### PROVIDED RECORDS
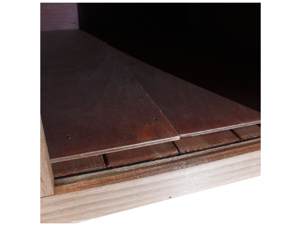 - Dřevěné stěny a podlaha: Jsou vyrobeny ve 3 vrstvách, což poskytuje vynikající izolaci. Na 18 mm hrubou masivní dřevěnou desku je aplikována 10 mm vrstva polystyrenu a 3 mm umývatelná dřevovláknitá deska. Tento trojvrstvý systém zajišťuje optimální izolaci interiéru a pohodlí vaší kočky.
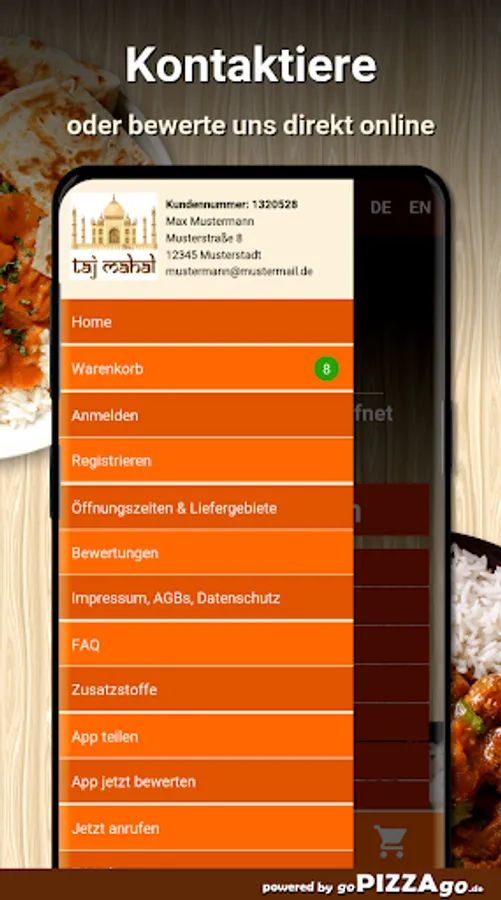 You can order delicious and fresh dishes on our website in our pizza delivery service easy online. The menu has a choice of 122 delicious dishes such as Pasta Spinaci al Forno for EUR 8.40 or Fish Karahi for € 14.90. Dessert? Our offer includes delicious half orange with ice cream, Kheer Mix, Mango Dream, half coconut with ice cream.What are our top sellersYou can order from us at these times
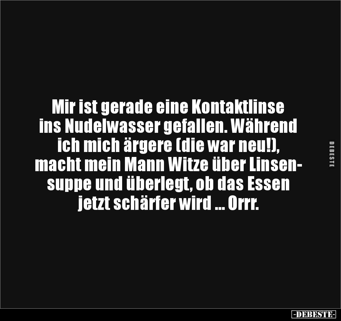 Mir ist gerade eine Kontaktlinse ins Nudelwasser gefallen. Während ich mich ärgere (die war neu!), macht mein Mann Witze über Linsen- suppe und überlegt, ob das Essen jetzt schärfer wird … Orrr.
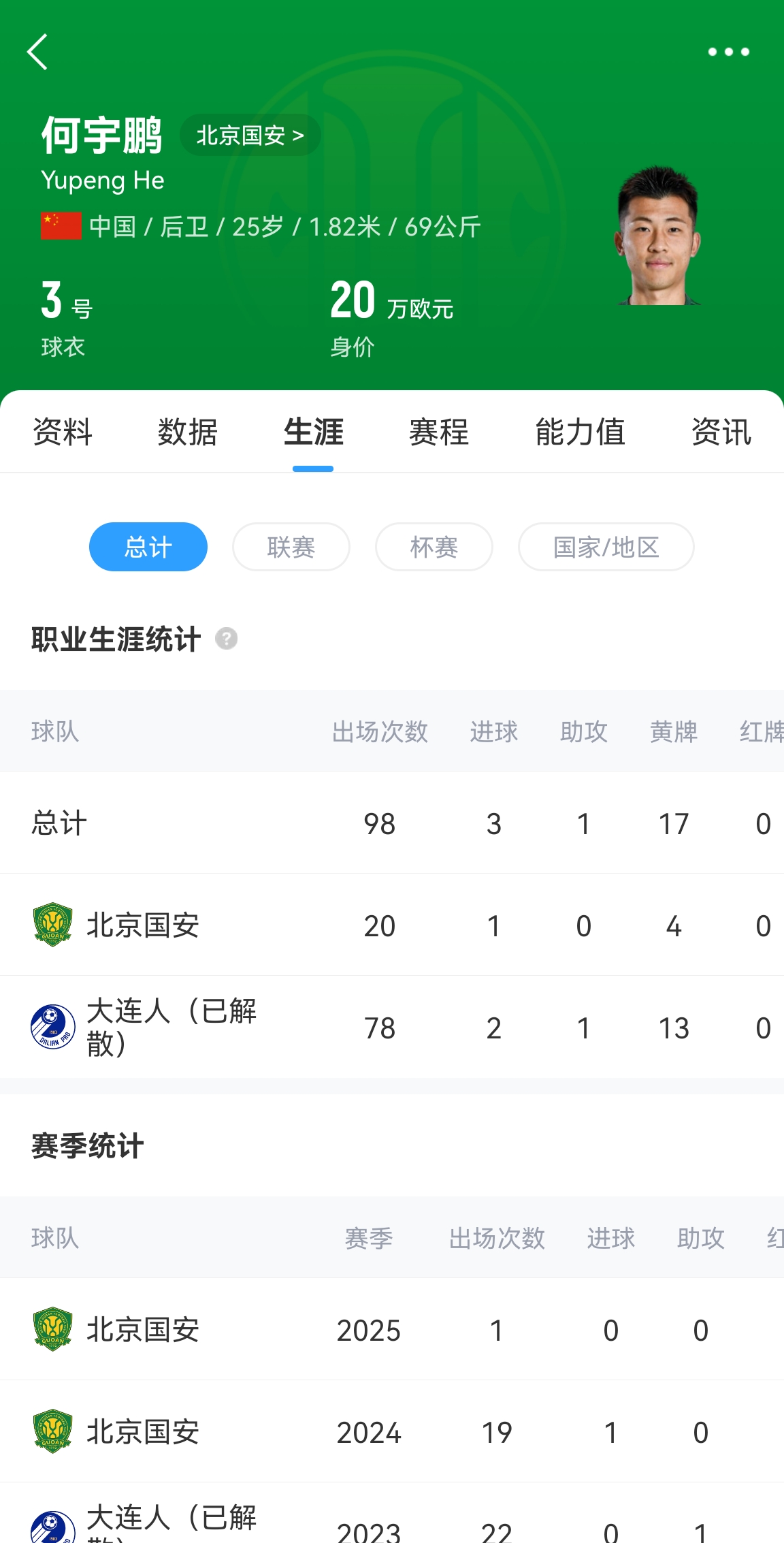 何宇鵬現(xiàn)年25歲,2024年加盟北京國安,本賽季前2輪中超為國安出戰(zhàn)1次。
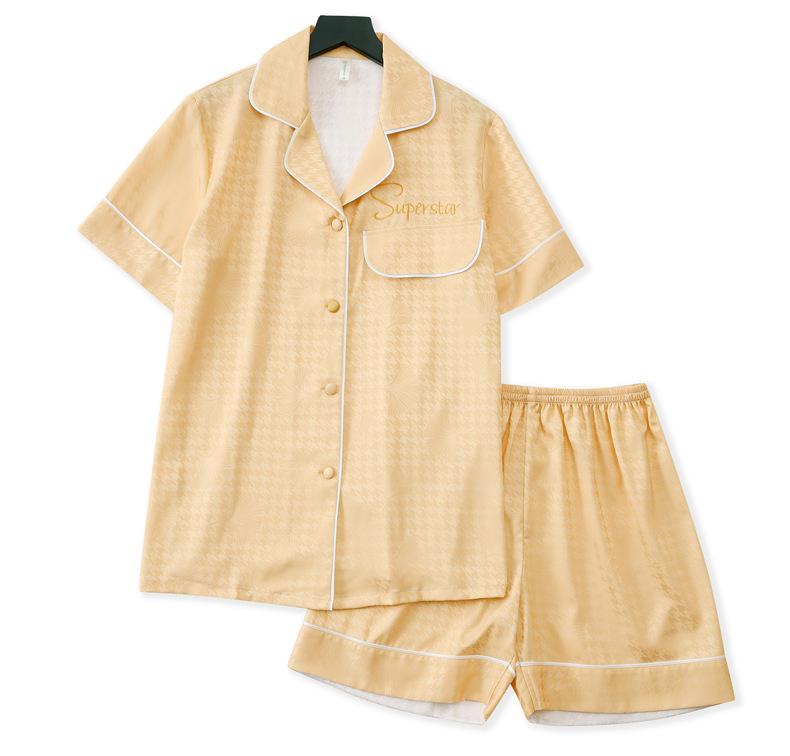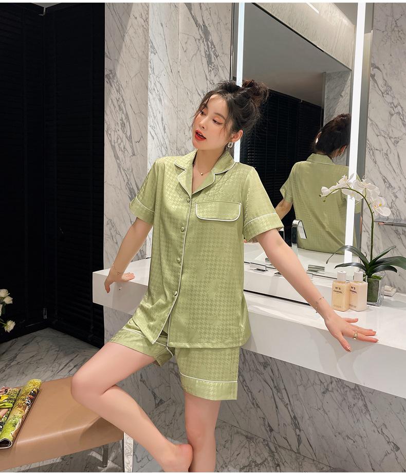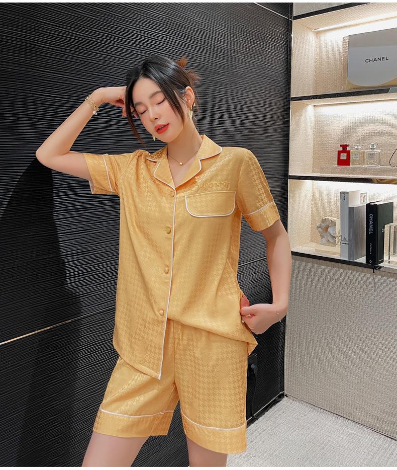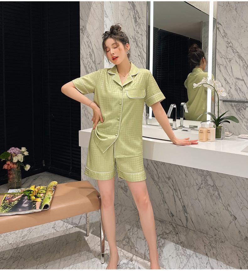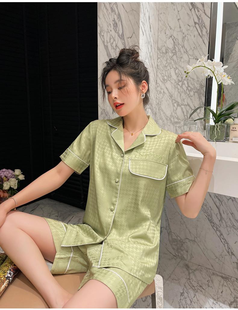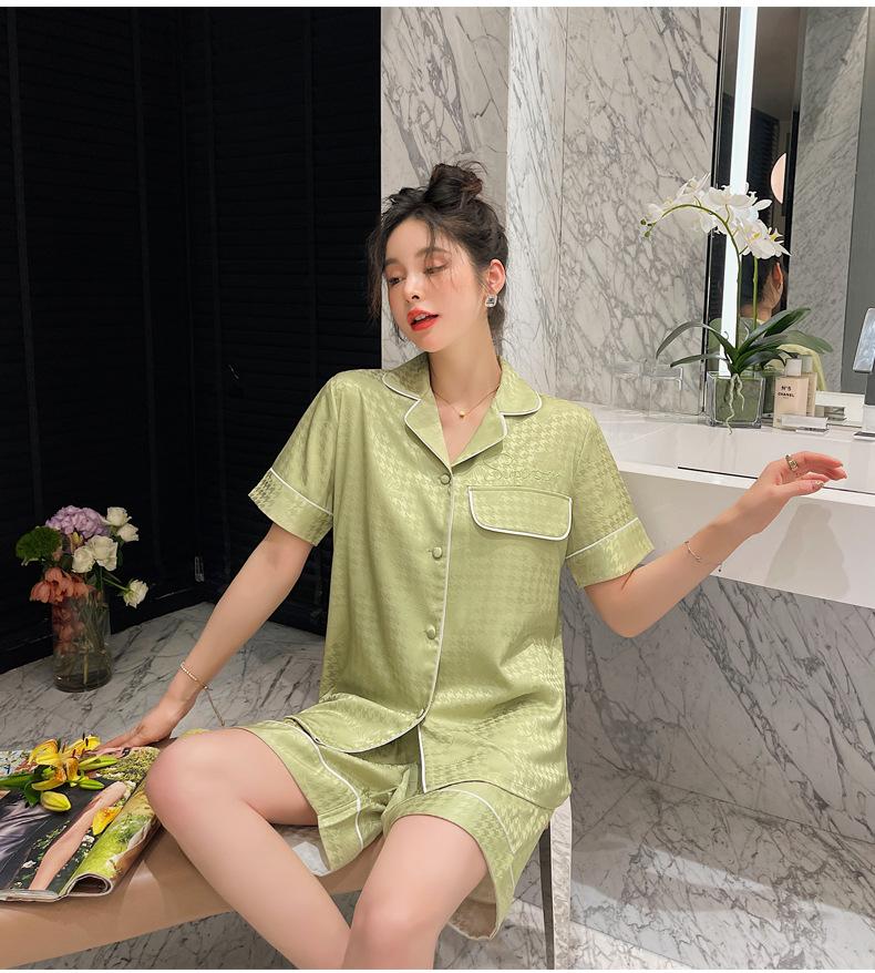 Pijamas transfronterizos de verano para mujer, cárdigan con solapa y manga corta, pantalones cortos, traje fino de jacquard, ropa de hogar para mujer, novedad de 2023
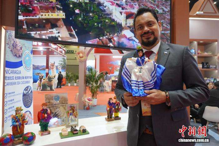 图为外宾展示尼加拉瓜传统手工艺品。
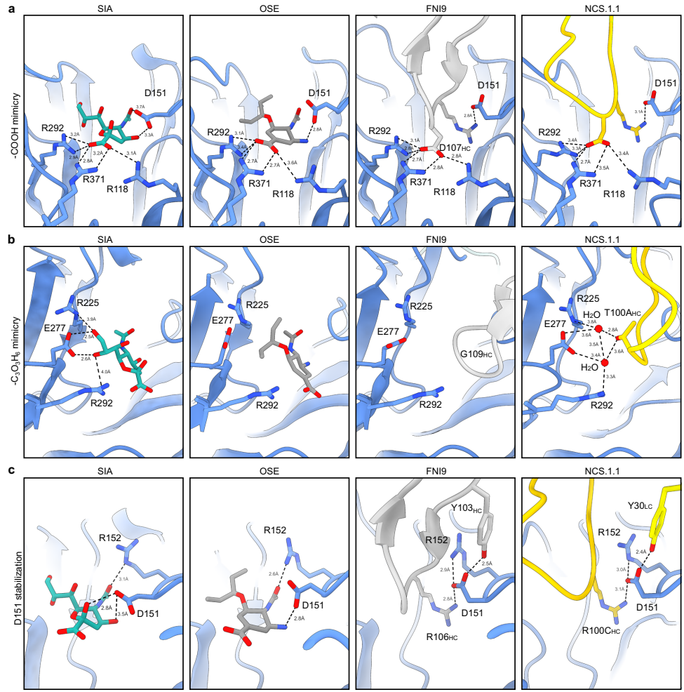 冷冻电镜结构显示NCS.1.1通过CDRH3的Asp-Arg(D100BHC-R100CHC)基序插入NA催化口袋,与R118NA、R293NA形成离子网络。更惊人的是,两个水分子精确模拟了唾液酸C8/C9羟基的空间位置,这种"水介导的锁钥结合"机制在3.36?的N5-DB16复合物结构中得到验证。
######
A word-for-word repeat is expected of the lines from the one with "Pijamas transfronterizos de" to the end of the data, both included; pictures are not part of it.

 Pijamas transfronterizos de verano para mujer, cárdigan con solapa y manga corta, pantalones cortos, traje fino de jacquard, ropa de hogar para mujer, novedad de 2023
 图为外宾展示尼加拉瓜传统手工艺品。
 冷冻电镜结构显示NCS.1.1通过CDRH3的Asp-Arg(D100BHC-R100CHC)基序插入NA催化口袋,与R118NA、R293NA形成离子网络。更惊人的是,两个水分子精确模拟了唾液酸C8/C9羟基的空间位置,这种"水介导的锁钥结合"机制在3.36?的N5-DB16复合物结构中得到验证。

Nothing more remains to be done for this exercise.